Jam (2018)
Sabu's JAM begins near the end, with a car racing through the city streets with a woman in the back unconscious and bleeding. There is a crash... and we cut back in time to learn more about one of the parties involved, thus beginning a curiously non-linear story about three characters and the night their lives intersect.
First is Hiroshi, a handsome singer whose audience is entirely middle aged women and whose relationship with his fans borders on predatory. Next is Tetsuo, just released from prison and on the warpath after his friends let him take the fall.

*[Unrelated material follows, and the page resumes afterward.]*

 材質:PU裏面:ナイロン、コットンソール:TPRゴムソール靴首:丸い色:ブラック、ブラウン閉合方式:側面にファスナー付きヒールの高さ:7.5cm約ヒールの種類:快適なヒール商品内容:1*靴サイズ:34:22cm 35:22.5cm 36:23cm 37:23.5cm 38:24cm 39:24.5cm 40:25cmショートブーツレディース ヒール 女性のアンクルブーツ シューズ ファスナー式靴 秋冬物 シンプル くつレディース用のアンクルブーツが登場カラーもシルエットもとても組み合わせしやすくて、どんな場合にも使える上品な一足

Finally there is the driver, Takeru, who once had a vision telling him that if he performed 3 good deeds every day his girlfriend would eventually wake from her coma.

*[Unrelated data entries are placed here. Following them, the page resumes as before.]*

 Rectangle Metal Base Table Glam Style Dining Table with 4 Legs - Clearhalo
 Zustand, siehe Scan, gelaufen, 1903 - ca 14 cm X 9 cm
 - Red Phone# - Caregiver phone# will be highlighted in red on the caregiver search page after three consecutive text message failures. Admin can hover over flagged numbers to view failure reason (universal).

JAM is the closest Sabu has come to his early work in a long time structurally, with intersecting tales of lives subject to the vagaries of fate reminiscent of his early comedies like Dangan Runner and Drive - and there are several callbacks to those films here. Tonally it is the darker and more savage Sabu of recent years (decades?) though. There are moments of black comedy but none of the laugh out loud gags you find in Postman Blues or Monday. In some respects it's closer to the ironically titled Happiness in style.
It is crafted with the same attention to detail and technical precision as any of his films, keeping the plates spinning as the different plot strands are woven together (loosely) without needing to resort to exposition. There is a mid-film discussion on the subject of karma that indicates the themes Sabu is exploring, but the participants discourage thinking about it too deeply.
By far the most enigmatic character in the film is Tetsuo, an intense presence whose primary interactions involve a hammer as he tears through Yakuza in a series of increasingly brutal fight scenes quite unlike anything seen in a Sabu film before. If you thought OLDBOY was peak hammer, think again.
JAM has proven to be one of the hardest Sabu films to track down, though these days I guess there aren't many that aren't. The only physical release was in Japan, expensive and unsubtitled - thankfully some generous translator has done a fansub. It continues to mystify me that his films are neglected outside of Japan and Germany, they really do deserve to be much more widely seen.